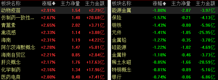 能源金属板块领跌,永杉锂业大跌超8%,远航精密、天齐锂业、永兴材料等多股下挫。
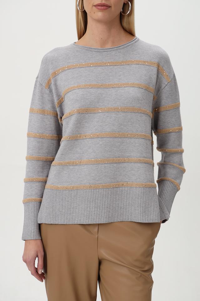 Серый пуловер от Betty Barclay с горизонтальными полосками и золотистой отделкой. Изготовлен из мягкой смеси вискозы, полиэстера и полиамида. Состав: вискоза 44%, полиэстер 32%, полиамид 24%
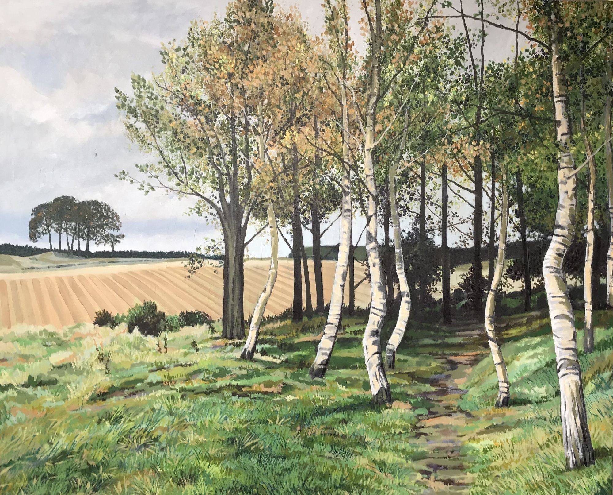 Her work captures the effect of sunlight and shadows through all the seasons. When painting ‘en plein air’, Pat’s preferred mediums are pen and watercolour or acrylics. In her studio in Glenrothes, she paints with oils. Pat pushes fine art boundaries by also ‘painting’ with repurposed or dyed textiles and stitch. This gives another dimension to the pictures, and they are often further embellished with found objects or a subtle highlight of beads.
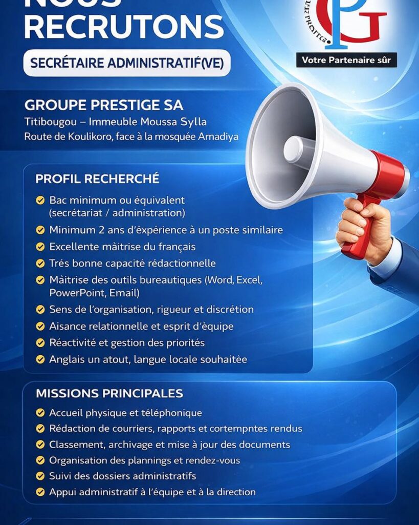 Le Groupe Prestige SA recrute un(e) Secrétaire Administratif(ve) pour renforcer son équipe.
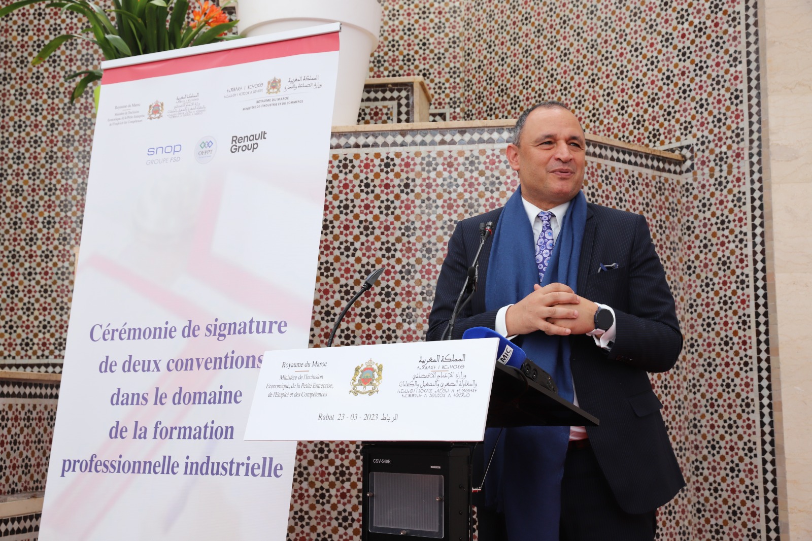 Deux conventions pour le renforcement de la formation dans l’industrie automobile ont été signées, jeudi 23 mars 2023, à Rabat, par le Ministre de l’Inclusion Economique, de la Petite Entreprise, de l’Emploi et des Compétences, M. Younes Sekkouri, le Ministre de l’Industrie et du Commerce, M. Ryad Mezzour, la Directrice Générale de l’Office de la Formation Professionnelle et de la Promotion du Travail (OFPPT), Mme Loubna Tricha, le Directeur Général Renault Group Maroc, M. Mohamed Bachiri, et le Directeur Général de la société SNOP-Groupe FSD Maroc, M.Tajeddine Bennis.
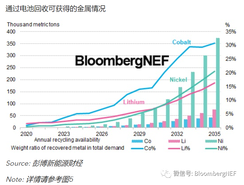 2035年可供回收的退役電池規模將達到500萬噸,回收所得鈷、鋰和鎳分別能夠滿足新電池生產所需對應金屬的30%、16%和21%。回收電池在抵消現貨價格波動和舒緩資源限制方面發揮日益重要的作用。

■ ■ ■ ■ ■ ■ ■

* Exercise description
Without the pictures, restate all of the entries above verbatim.

* Result of this task
 能源金属板块领跌,永杉锂业大跌超8%,远航精密、天齐锂业、永兴材料等多股下挫。
 Серый пуловер от Betty Barclay с горизонтальными полосками и золотистой отделкой. Изготовлен из мягкой смеси вискозы, полиэстера и полиамида. Состав: вискоза 44%, полиэстер 32%, полиамид 24%
 Her work captures the effect of sunlight and shadows through all the seasons. When painting ‘en plein air’, Pat’s preferred mediums are pen and watercolour or acrylics. In her studio in Glenrothes, she paints with oils. Pat pushes fine art boundaries by also ‘painting’ with repurposed or dyed textiles and stitch. This gives another dimension to the pictures, and they are often further embellished with found objects or a subtle highlight of beads.
 Le Groupe Prestige SA recrute un(e) Secrétaire Administratif(ve) pour renforcer son équipe.
 Deux conventions pour le renforcement de la formation dans l’industrie automobile ont été signées, jeudi 23 mars 2023, à Rabat, par le Ministre de l’Inclusion Economique, de la Petite Entreprise, de l’Emploi et des Compétences, M. Younes Sekkouri, le Ministre de l’Industrie et du Commerce, M. Ryad Mezzour, la Directrice Générale de l’Office de la Formation Professionnelle et de la Promotion du Travail (OFPPT), Mme Loubna Tricha, le Directeur Général Renault Group Maroc, M. Mohamed Bachiri, et le Directeur Général de la société SNOP-Groupe FSD Maroc, M.Tajeddine Bennis.
 2035年可供回收的退役電池規模將達到500萬噸,回收所得鈷、鋰和鎳分別能夠滿足新電池生產所需對應金屬的30%、16%和21%。回收電池在抵消現貨價格波動和舒緩資源限制方面發揮日益重要的作用。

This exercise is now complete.